Вспухшей рукой, горбато, по-старушечьи, Шурик накарябал название улицы…
На место Федор Иванович приехал уже перед рассветом. В городе он помнил лишь два-три нужных ему места, окраин не знал совсем. В травмпункте ему подсказали только примерно, куда надо ехать, и он сжег бак бензина, плутая вдоль разноликих заборов, останавливаясь и спрашивая у редких прохожих нужную улицу и номер дома. Прежнее желание сбежать исчезло, пришла молчаливая азартная злость, желание разорвать упавшую на него этой ночью сеть случайностей, победить и показать, кто он такой, Плакидкин Федор Иванович.
В свете фар увидел он открытую калитку и крыльцо в две ступеньки, и свет будто сам открыл дверь. Выбежала женщина в распахнутой куртке, из-под которой выглядывала покрытая синим халатом округлость. Спасенный подошел к ней сам, переставляя ноги, будто великанские ходули, сделанные из бревен, и о чем-то кричали руки женщины, и Федор Иванович сам не заметил, как пахнуло на него счастьем.
* * *
В те сутки Дина не ложилась. Утром проводила Шурика, села на кухне у окошка и стала ждать, как верная жена из народной песни, – вздыхая и мечтая о том, что все наладится, теперь она будет не чья-то дочь, ученица, воспитанница, а женщина и все у нее будет свое и настоящее. Страх ее улетел вместе с рассветом, блаженно она провела полдня, потом начала готовить обед, и так, в непамятных заботах, провела время до заката.
А потом она смотрела, как стремительно и жестоко меняются зеленые цифры на электронных часах, так же сидела у окна, в котором уже невозможно было различать прохожих. Она выключила свет, чтобы лучше видеть темную улицу, но никто не приближался к калитке. Перебрала она множество разных утешительных мыслей: что ехать, наверное, очень далеко, а может, Шурику велели работать в первый же день, или заставили съездить за какой-нибудь нужной бумажкой, или он сам заехал в гости к своему дяде, хорошему человеку.
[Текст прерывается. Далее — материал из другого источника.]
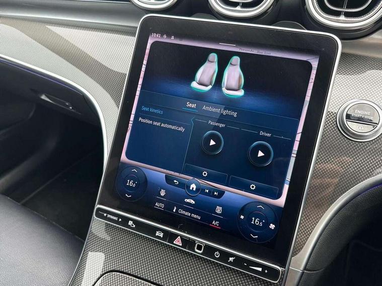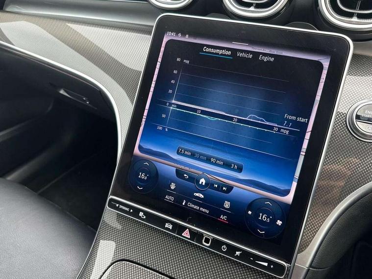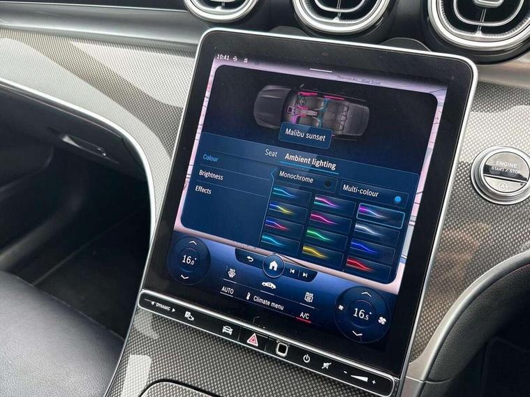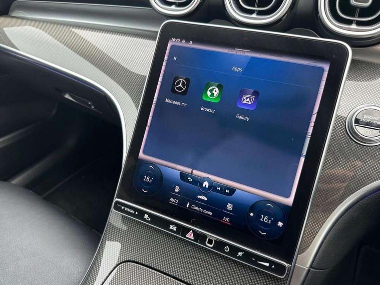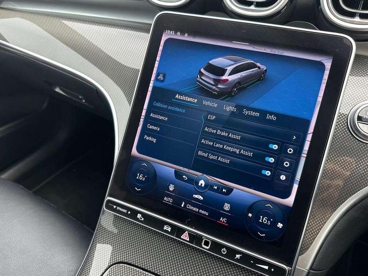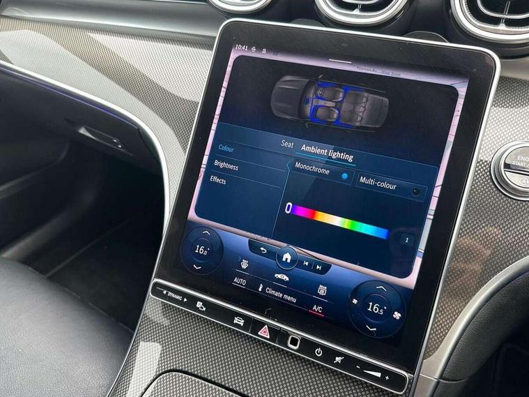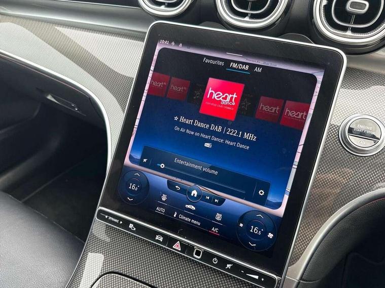11.9" high resolution multimedia colour display, 12.3" digital instrument cluster display, Active blind spot assist, Active brake assist plus, Active lane keeping assist, Attention assist, Cruise control with speedtronic variable speed limiter, DYNAMIC SELECT with a choice of driving modes (ECO, Comfort, Sport, Sport+ and Individual), E-call, Easy pack automatic powered tailgate, Extended MBUX functions, Finger print sensor, Fluorescent jacket for driver, MBUX augmented reality for navigation, MBUX navigation premium, MBUX voice control activated by keywords "Hey Mercedes", Mercedes connect me, Mercedes me remote services, Outside temperature gauge, Pre-installation for digital key transfer, Remote boot release, Service indicator (ASSYST), Smartphone integration, Sports direct steer speed sensitive steering, Status display for rear seat belts in instrument cluster, Wireless charging system for mobile devices, 66l fuel tank with increased capacity, 9G TRONIC 9 speed automatic transmission, Diesel particulate filter, Sports suspension with selective damping system and lowered by 15 mm, DAB Digital radio, MBUX multimedia system, Steering wheel mounted audio controls, Adaptive brake lights, Adaptive high beam assist plus, AMG body styling front apron, rear apron and side skirts, AMG front bumper with sporty air intakes and chrome elements, AMG rear bumper with high gloss chrome elements, AMG side skirts in vehicle colour, B-pillar trim in glossy black, Body coloured bumpers, Body coloured door mirrors, Chrome beltline trim, Chrome roof rails, Daytime running lights, Digital light LED headlamps, Electric windows with one touch opening/closing and obstruction sensors, Electrically adjustable and heated door mirrors, Green tinted glass, LED Indicators, LED tail lights, LED third brake light, Powerdomes on bonnet, Privacy glass, Radiator diamond grille with integrated Mercedes Benz star and louvre silver with chrome pins, Radio aerial integrated into rear window, Rain sensor with automatic windscreen wiper activation, Rear side wing doors, Rear wiper, Two visible exhaust pipes integrated into rear bumper, 3 spoke flattened bottom AMG multifunction steering wheel in black nappa leather with chrome inserts and perforated leather in grip area, AMG sports seats, Auto Mercedes-Benz child seat recognition sensor, Black air vents with silver chrome elements, Black floor mats with AMG lettering, Black roof liner, Door trim elements high gloss black with silver chrome surroundings and switches, Double cupholder in centre console, Electrically height/reach adjustable steering column, Folding rear seat backrest, Front and rear head restraints, Front centre armrest with storage compartment, Gearshift paddles on steering wheel, Heated front seats, Illuminated door sills with Mercedes Benz lettering, Illuminated glove compartment stowage, Interior lighting - 64 colour Ambient lighting, Leather upholstery, Load compartment cover, Overhead control unit in high gloss black, Rear top tether child seat ISOFIX attachment, Single front passenger seat, Sports pedals with stainless steel surfaces and rubber studs, Sunvisors with illuminated vanity mirrors, THERMATIC 2 zone automatic climate control, Interior lighting package - C Class, Memory package - C Class, Mirror pack - C Class, Parking package with 360 degree camera - C Class, Seat comfort pack - C Class, Stowage space pack - C Class, USB package - C Class, 3 rear 3 point seatbelts, Active bonnet pedestrian safety measure which detects an impact and raises bonnet, Adaptive brake system with HOLD function and brake drying in the wet, Anti-lock braking system (ABS), Black seat belts, Brake calipers with Mercedes-Benz lettering + perforated front brake discs, Child proof door locks, Drivers knee airbag, Drivers pelvis airbag, Dual stage driver/passenger airbags, Electric parking brake, Electronic Stability Programme (ESP), Front centre airbag between driver and front passenger seats, Front side airbags, Larger brake discs on front axle, Rear passenger airbag, Rear seatbelt warning indicator, Sports braking system with perforated front disc brakes, Tyre pressure monitoring system, Warning triangle and first aid kit, Window airbags, Central locking with interior switch, automatic locking and crash sensor with emergency opening function, Chrome surround electric key, Keyless Go comfort access, Urban guard vehicle protection - Thatcham Category 1 consisting of breakin, anti-theft alarm system (ATA), interior monitoring and tow away protection, Artico man-made leather dashboard with contrast stitching, Centre console trim in metal weave, 19" AMG multi spoke design alloy wheels painted in black with high sheen finish, Summer tyres, TIREFIT with tyre inflation compressor,

Но утешали эти мысли ненадолго, они выворачивались наизнанку и мучили, мучили… После полуночи она стала думать, что этот большой мальчик, похожий на глазастого медведя ее детства, мальчик, которого она сама выбрала и приручила, вовсе не способен превратиться в мужчину, он вечный внук, нет в этих огромных глазах и отблеска той злости, какая есть у многих мужчин, даже у ребят из гаража.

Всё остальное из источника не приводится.